According to CUDA semantics, GPU operations are asynchronous, which means operations on different GPUs can work simultaneously once the “data” is prepared, and that’s why we can do techniques like pipeline, isn’t it?
And I also see the description in CUDA stream:
A CUDA stream is a linear sequence of execution that belongs to a specific device. You normally do not need to create one explicitly: by default, each device uses its own “default” stream.
which I think this is how CUDA do asynchronous execution because Pytorch can run multiple streams at the same time, right?
My question is,
- Is it possible for CUDA do asynchronous execution in backward and optimer.step()?
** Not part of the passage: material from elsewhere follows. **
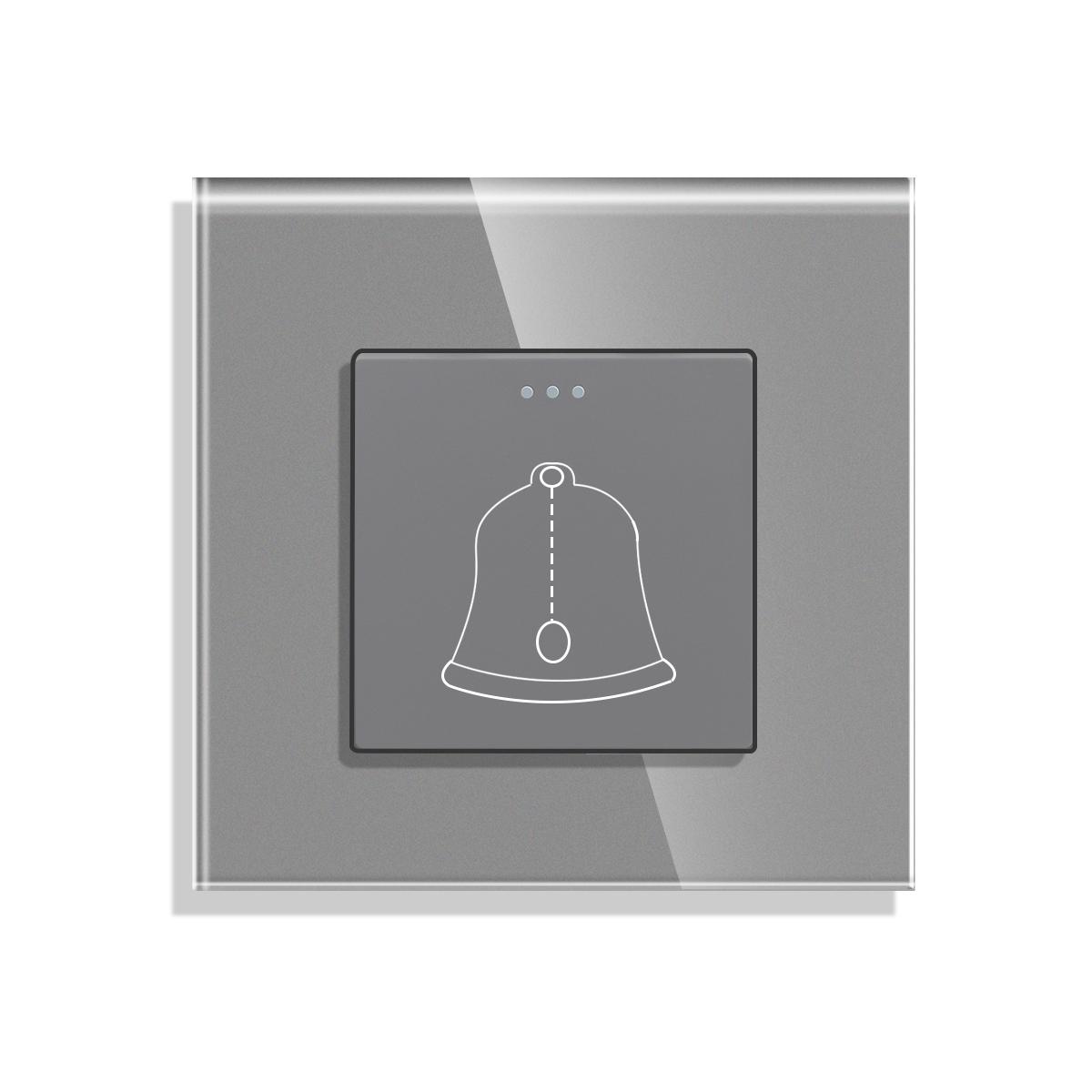 Бутон за звънец 10A /250v комплект със стъклена рамка,в обща опаковка готов за монтаж -СИВ

- Is the idea of “stream” and “process” in torch.multiprocessing the same?
For the question 1, consider I have a toy model below:
class ToyModel(nn.Module):
def __init__(self, device):
super().__init__()
self.l1 = nn.Linear(10,10).to(device)
self.l2 = nn.Linear(10,10).to(device)
self.device = device
def forward(self, x):
x_1 = self.l1(x.to(self.device))
x_2 = self.l2(x_1.to(self.device))
return x_2, x_1.detach()
During forward, I copy the first linear ouput and cut the gradient for the use of other training.
And I have a model which contains two of toy models:
class MyModel(nn.Module):
def __init__(self, device):
super().__init__()
self.m1 = ToyModel('cuda:0')
self.m2 = ToyModel('cuda:1')
self.opt1 = torch.optim.Adam(self.l1.parameters(), lr=0.01, weight_decay=5e-4)
self.opt2 = torch.optim.Adam(self.l2.parameters(), lr=0.01, weight_decay=5e-4)
def forward(self, x):
r_1, out = self.m1(x)
r_2, out = self.m2(out)
return r_1, r_2
Actually two ToyModel in MyModel can train independently once self.m2 get the value of out, if we do pipeline for training, assuming training a ToyModel takes 10 seconds, I think training a MyModel will take < 20 seconds, but it turns out that the training time of MyModel briefly equals to 20 seconds, which means the cuda didn’t do asynchronous execution. Is there anything wrong?
Thanks for anyone who read my question.